Warner Music Group awarded NYSTI $400,000 in 1996 to develop five new musicals for family audiences. The first of those was “A Tale of Cinderella” by W.A.Frankonis, Will Severin, and George David Weiss, made possible in part by funding provided by Warner Music Group and by the participation of Warner/Chappell Music, Inc. An immediate success, the award-winning show is available as an Atlantic Theatre CD or cassette and has been re-released on VHS as part of Warner Home Video’s 75th Anniversary Celebration. Vocal Selections from “A Tale of Cinderella” is available from Warner Bros. Publications. The video was broadcast nationwide on PBS stations to an audience of more than 56 million TV households (half of potential US audiences). In the 2000-01 Season, “A Tale of Cinderella” toured all the major cities of New York including Buffalo, Syracuse, the Capital Region, and Manhattan.

His life and work will be remembered by a great many people. But I will remember him as the young man I married in a flurry of passion and possessiveness even though in many ways we were oil and water. We wound up being better friends than spouses.
I will miss his political rants and the books he would send me after he read them. I will miss the father he was to our children. I will miss a friend, and I will always be glad that I was able to be there for him when he needed help so close to the end of a life ended too soon.
ADDENDUM: b!X has posted excerpts from his dad’s willl and it is no surprise that Bill used the same humor, honesty, and creativity in writing his will as he had with all of his other writings.

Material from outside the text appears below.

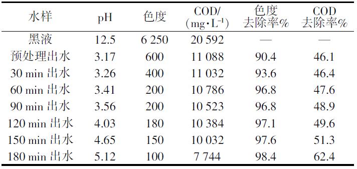 取900 mL黑液于塑料燒杯中,加鹽酸調(diào)節(jié)pH至3,將陰陽(yáng)極板分別用銅線連接至直流穩(wěn)壓穩(wěn)流電源,并用鐵架臺(tái)以間距5 cm固定在黑液中,通以 15 V的恒定電壓。在電解1 h后做預(yù)處理,即加入200 mg/L的聚合氯化鋁和3 mg/L的聚丙烯酰胺于磁力攪拌器上進(jìn)行混凝沉淀,靜置30 min后將上清液倒出繼續(xù)電解3 h,每30 min取上清液分別測(cè)定一次COD以及色度。試驗(yàn)結(jié)果如表 1所示。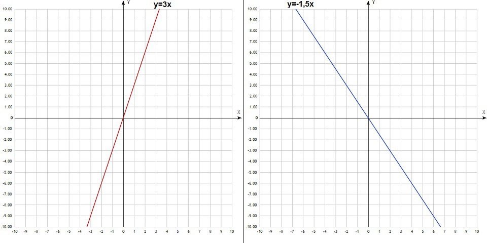 , следовательно, данные прямые пересекают ось у в начале координат.

8 thoughts on “William Frankonis, dead at 70

  1. Deepest condolences, Elaine. He’s remembered so beautifully by you that it’s not hard to believe this is how people become immortal — they remain forever in the hearts of those who so honor them.

  2. Elaine – I’m so sorry. I’m thinking of you and your children. What a beautiful portrait you’ve painted of a proud, intelligent, and talented man, and how complex relationships are that stretch over decades.

  3. I’m sorry to hear of the loss of your ex-husband and friend. I will miss his political rants on your blog. I’m sure your presence in his last days was a help to him in coming full circle and letting go.

  4. I came looking for you here, Kalilily, when I read of Bill’s death today. And sure enough, here you are, strong and beautiful and thoughtful and fiercely loving, as always. I admire and honor your wonderful friendship with Bill. And I hold you very dear. Love, Kathryn

  5. Elaine – You don’t know me, but I knew Bill as an undergraduate at Albany, and I sort of knew you. I used to do the photography for productions by Paul Bruce Petitt, so had marginal contact with your friends. I don’t know how I stumbled onto the word of Bill’s passing, but I was an admirer and was saddened to hear the news. I then read a little of your politics and your fondness for Leonard Cohen, and so here is a short note. Best wishes.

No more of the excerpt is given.